### TASK BRIEF:
Leaving every picture out, please return exactly the lines from the top of the material below through the line with "According to artist", both included.

### DATA:
"""

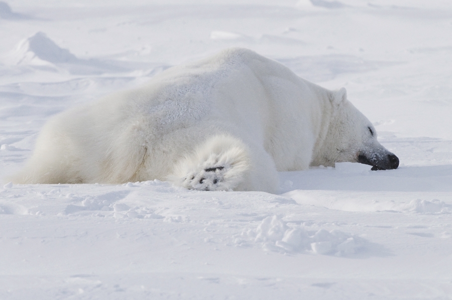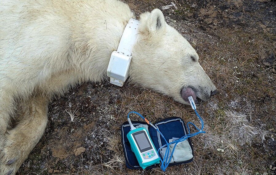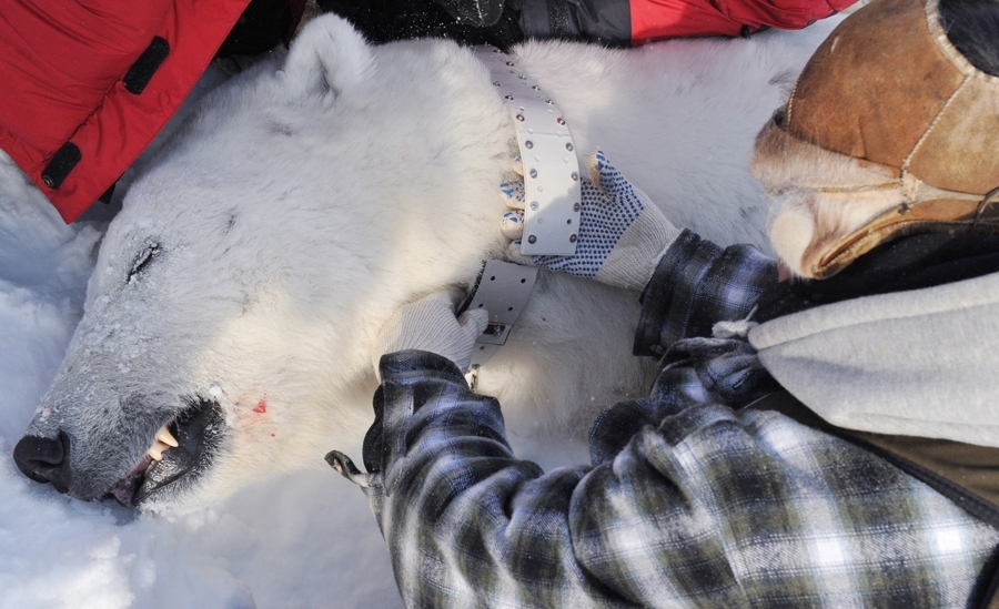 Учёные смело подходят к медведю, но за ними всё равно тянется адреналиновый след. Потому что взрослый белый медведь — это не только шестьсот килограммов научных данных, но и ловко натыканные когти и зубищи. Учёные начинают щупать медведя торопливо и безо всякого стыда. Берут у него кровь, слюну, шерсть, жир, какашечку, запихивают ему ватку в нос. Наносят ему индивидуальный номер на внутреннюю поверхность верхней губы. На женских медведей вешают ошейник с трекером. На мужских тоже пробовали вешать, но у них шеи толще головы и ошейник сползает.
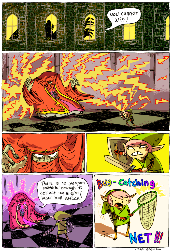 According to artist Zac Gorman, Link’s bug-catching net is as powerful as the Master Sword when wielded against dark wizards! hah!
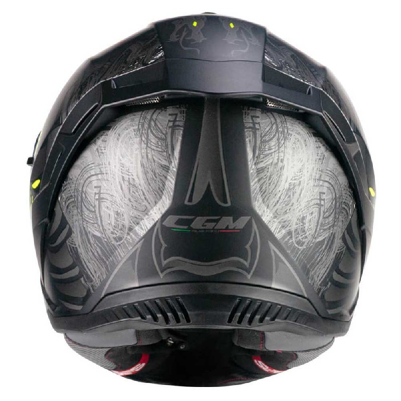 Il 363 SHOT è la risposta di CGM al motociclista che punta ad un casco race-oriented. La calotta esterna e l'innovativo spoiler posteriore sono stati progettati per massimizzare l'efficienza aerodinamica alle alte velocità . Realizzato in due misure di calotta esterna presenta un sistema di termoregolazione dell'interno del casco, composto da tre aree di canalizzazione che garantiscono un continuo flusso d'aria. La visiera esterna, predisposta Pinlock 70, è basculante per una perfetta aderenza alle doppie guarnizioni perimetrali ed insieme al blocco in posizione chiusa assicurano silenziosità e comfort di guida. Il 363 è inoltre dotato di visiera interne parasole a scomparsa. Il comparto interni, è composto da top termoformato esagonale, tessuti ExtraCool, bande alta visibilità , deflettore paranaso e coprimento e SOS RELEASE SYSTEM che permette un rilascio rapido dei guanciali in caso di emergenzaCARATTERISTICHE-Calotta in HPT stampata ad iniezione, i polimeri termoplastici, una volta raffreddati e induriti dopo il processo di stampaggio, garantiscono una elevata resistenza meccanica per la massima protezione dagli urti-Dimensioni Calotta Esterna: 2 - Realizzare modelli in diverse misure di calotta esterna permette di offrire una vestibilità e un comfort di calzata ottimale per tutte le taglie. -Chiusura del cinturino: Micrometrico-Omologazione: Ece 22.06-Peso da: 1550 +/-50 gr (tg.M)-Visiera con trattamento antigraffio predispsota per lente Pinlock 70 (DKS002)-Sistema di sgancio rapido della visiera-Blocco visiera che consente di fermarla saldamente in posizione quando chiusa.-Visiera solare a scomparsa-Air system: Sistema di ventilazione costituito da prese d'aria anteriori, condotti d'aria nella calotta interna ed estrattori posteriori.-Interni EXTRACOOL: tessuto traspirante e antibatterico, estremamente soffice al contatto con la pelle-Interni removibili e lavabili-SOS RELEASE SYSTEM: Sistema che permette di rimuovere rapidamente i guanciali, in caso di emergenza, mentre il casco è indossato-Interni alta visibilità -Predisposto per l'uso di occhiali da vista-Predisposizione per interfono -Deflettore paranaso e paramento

"""

### RESPONSE FOR THIS EXERCISE:
 Учёные смело подходят к медведю, но за ними всё равно тянется адреналиновый след. Потому что взрослый белый медведь — это не только шестьсот килограммов научных данных, но и ловко натыканные когти и зубищи. Учёные начинают щупать медведя торопливо и безо всякого стыда. Берут у него кровь, слюну, шерсть, жир, какашечку, запихивают ему ватку в нос. Наносят ему индивидуальный номер на внутреннюю поверхность верхней губы. На женских медведей вешают ошейник с трекером. На мужских тоже пробовали вешать, но у них шеи толще головы и ошейник сползает.
 According to artist Zac Gorman, Link’s bug-catching net is as powerful as the Master Sword when wielded against dark wizards! hah!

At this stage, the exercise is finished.